The sin is not in the object.


Heterodoxy leads to bad practice, and I believe nowhere does that bad practice exhibit itself more clearly than in the Fundamentalist concept of “standards”.

A wide variety of “standards” exist in fundamentalism about a number of outward issues. For example, some feel that it is unbiblical for a woman to wear pants. Ever. Even in the house or to bed as pajamas. On the other extreme, there are those who have no issue with it at all. In the middle, one might say it’s best reserved for activities such as horseback riding or hiking, but shouldn’t be worn as everyday wear and certainly never to church.

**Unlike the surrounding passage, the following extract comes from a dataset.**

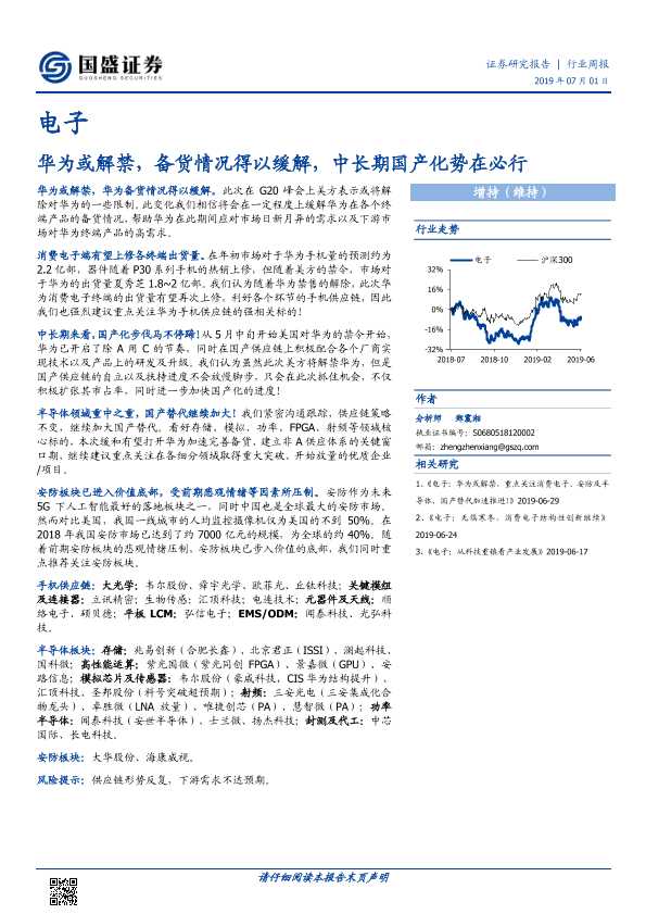 【国盛证券】【20190701】电子行业周报:华为或解禁,备货情况得以缓解,中长期国产化势在必行-14页

You know what always bothered me about that? Essentially the same logic is being used to arrive at the extreme view (“taking the higher ground”) as the more moderate view. If a woman puts a pair of pants on at the wrong time (from ever to just at church), she’s now in sin. And let’s be honest - the extremist is actually more true to the logic that got the moderate halfway there, because what gets defined as “the wrong time” is completely arbitrary. When I was deep in Fundamentalism, I knew in my heart that the extremist was a little nutty, but could find no intellectually satisfying reason why other than that I just felt there was something wrong about “taking it that far”.

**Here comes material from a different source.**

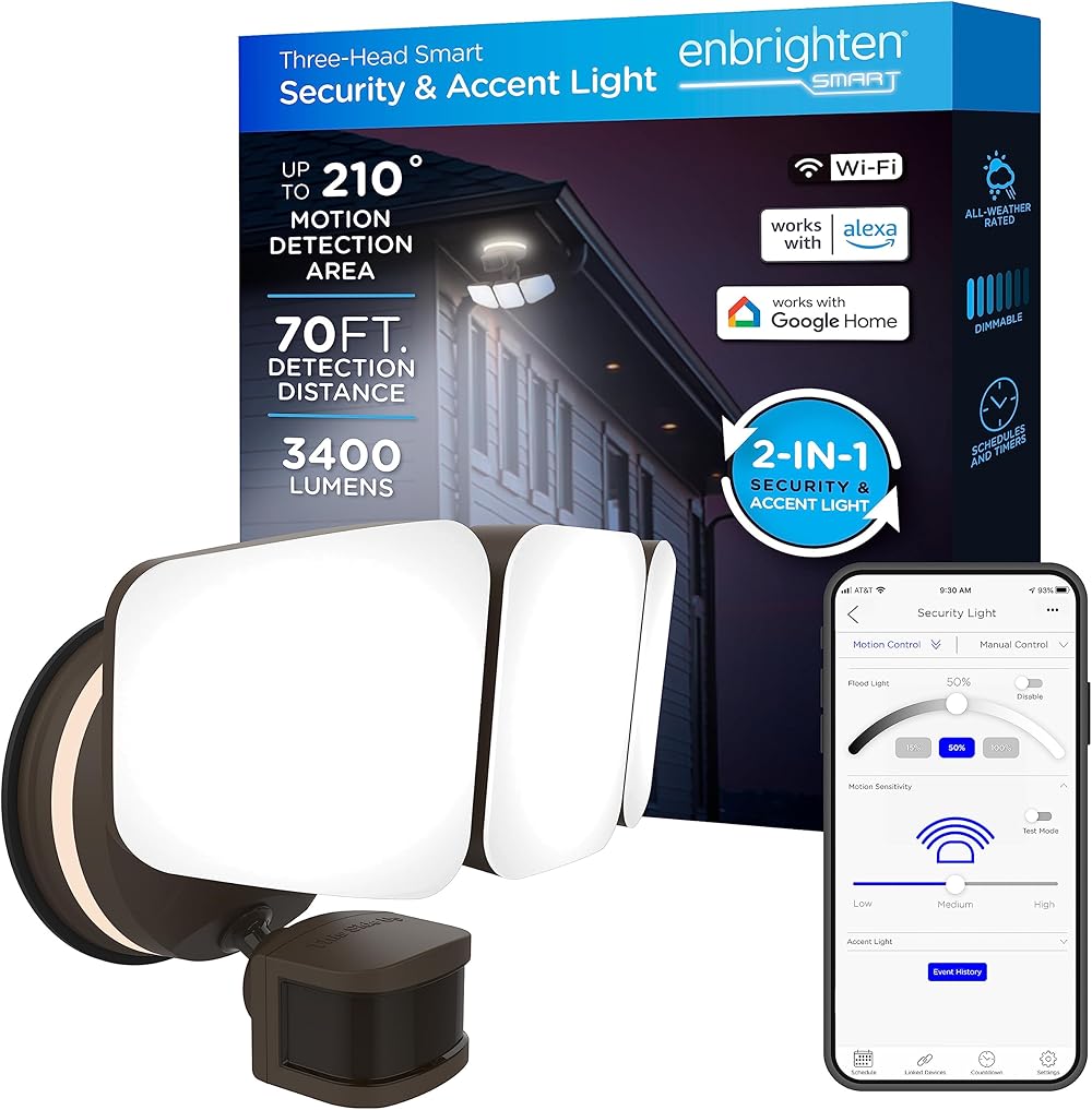 LED Wi-Fi Smart Security Light, App Control, Motion Activated, Three Head, Bronze, ETL Listed, UV Resistant, 3400 Lumens, 4000K, Flood Light for Patio, Yard, Garage, Driveway, 58245

The “something wrong” was this error in hamartiology.

4 comments:

  1. Reading Tired of Trying to Measure Up. It was my beach reading:) I am trying to figure out his view on the sin nature. I agree with what you wrote hear. Curious if you can shed any light on how his view that we don't have a sin nature passed on to us by Adam ( I do understand that he agrees we are sinners) but I am kind of confused on the difference. Am enjoying the book and it has been helpful already.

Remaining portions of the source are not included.